Yoon Sora, Nam Dougu
School of Life Sciences, Ulsan National Institute of Science and Technology, Ulsan, Republic of Korea.
Department of Mathematical Sciences, Ulsan National Institute of Science and Technology, Ulsan, Republic of Korea.
BMC Genomics. 2017 May 25;18(1):408. doi: 10.1186/s12864-017-3809-0.
In differential expression analysis of RNA-sequencing (RNA-seq) read count data for two sample groups, it is known that highly expressed genes (or longer genes) are more likely to be differentially expressed which is called read count bias (or gene length bias). This bias had great effect on the downstream Gene Ontology over-representation analysis. However, such a bias has not been systematically analyzed for different replicate types of RNA-seq data.
We show that the dispersion coefficient of a gene in the negative binomial modeling of read counts is the critical determinant of the read count bias (and gene length bias) by mathematical inference and tests for a number of simulated and real RNA-seq datasets. We demonstrate that the read count bias is mostly confined to data with small gene dispersions (e.g., technical replicates and some of genetically identical replicates such as cell lines or inbred animals), and many biological replicate data from unrelated samples do not suffer from such a bias except for genes with some small counts. It is also shown that the sample-permuting GSEA method yields a considerable number of false positives caused by the read count bias, while the preranked method does not.

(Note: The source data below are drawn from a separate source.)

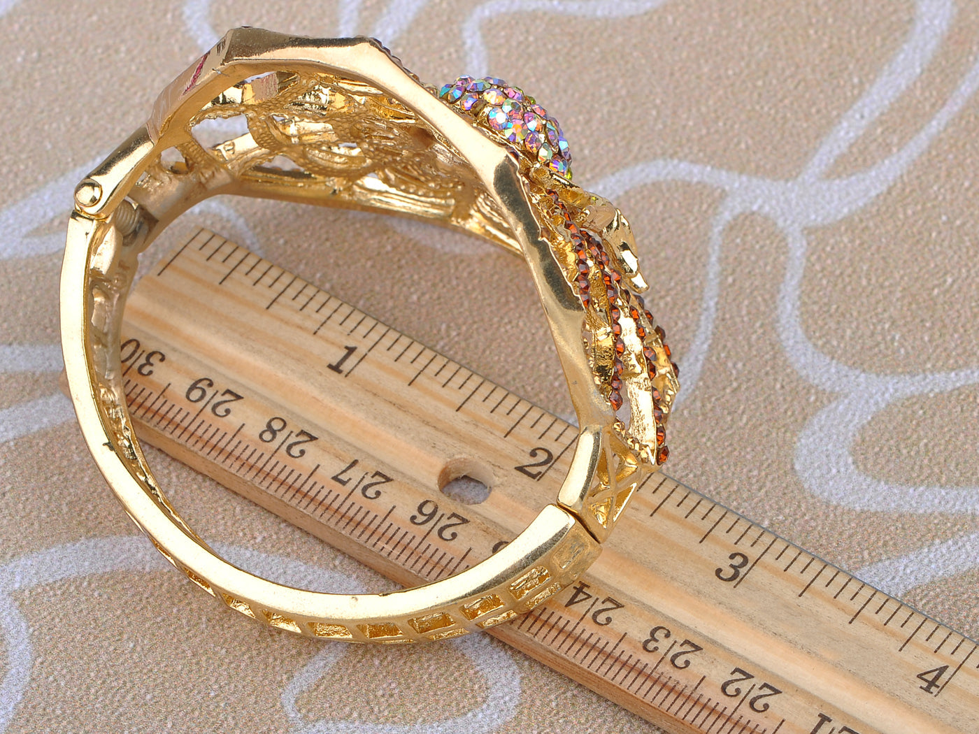- UNIQUE DESIGN - Bracelet bangle cuff featuring halloween creepy spider web design with synthetic topaz aurora borealis green crystal rhinestone and gold tone alloy metal.
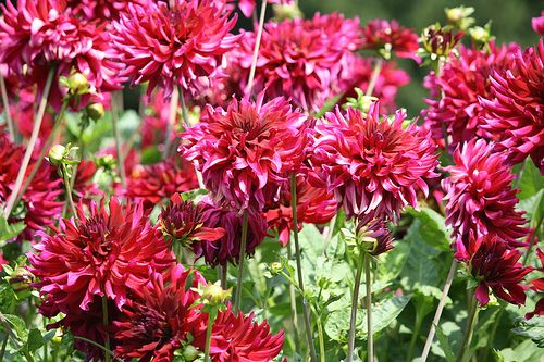 Георгины цветут позже многих других садовых цветов — с конца июля до первых заморозков. Среди них есть высокие бордюрные сорта с соцветиями до 25 см в диаметре, более низкорослые клумбовые и мелкоцветковые карликовые сорта. Среди бордюрных георгин популярны сорта декоративной, кактусовой и полукактусовой групп.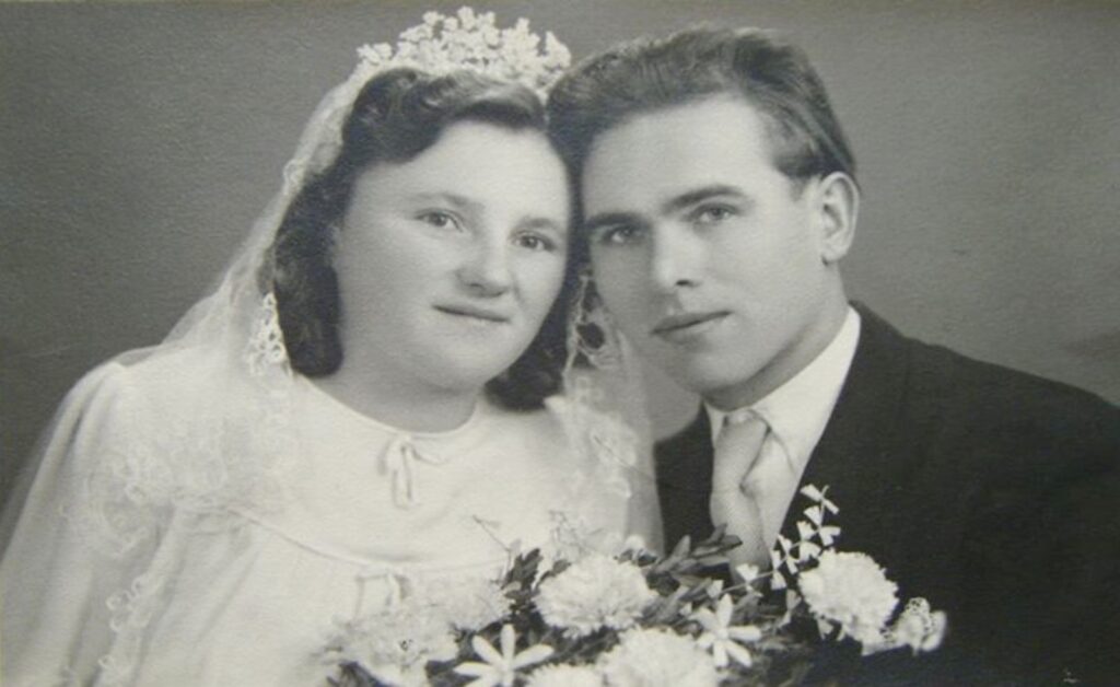 Bálint Jolán és Fodor József esküvői képe Nagybalogról 1949-ből.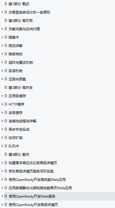 第二份京东架构核心技术分为4部分分别是系统设计概述,高可用,高并发,以及系统设计实战案例,共21个章节: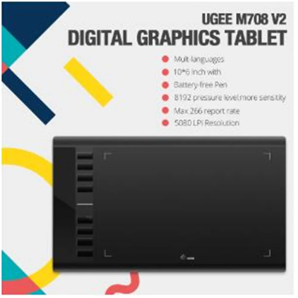 Ugee M708 V2 цифровые планшеты графический планшет для рисования "10x6" дюймов 8192 уровень графический планшет с ручкой без батареи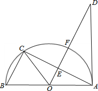 如图,AB是半圆O的直径,点C在半圆O上,过点O作OD∥BC交圆的切线AD于点D,交弦AC于E,交半圆于点F.

We showed the small gene variance (similarly, dispersion) is the main cause of read count bias (and gene length bias) for the first time and analyzed the read count bias for different replicate types of RNA-seq data and its effect on gene-set enrichment analysis.
在对两个样本组的RNA测序(RNA-seq)读数计数数据进行差异表达分析时,已知高表达基因(或较长基因)更有可能出现差异表达,这被称为读数计数偏差(或基因长度偏差)。这种偏差对下游的基因本体过度表达分析有很大影响。然而,对于不同类型重复的RNA-seq数据,尚未对这种偏差进行系统分析。
通过对多个模拟和真实RNA-seq数据集的数学推导和测试,我们表明基因在负二项式读数计数模型中的离散系数是读数计数偏差(和基因长度偏差)的关键决定因素。我们证明读数计数偏差主要局限于基因离散度小的数据(例如技术重复以及一些基因相同的重复,如细胞系或近交动物),除了一些读数少的基因外,许多来自不相关样本的生物学重复数据不存在这种偏差。还表明样本置换GSEA方法会因读数计数偏差产生大量假阳性,而预排名方法则不会。
我们首次表明小基因方差(类似地,离散度)是读数计数偏差(和基因长度偏差)的主要原因,并分析了不同类型重复的RNA-seq数据中的读数计数偏差及其对基因集富集分析的影响。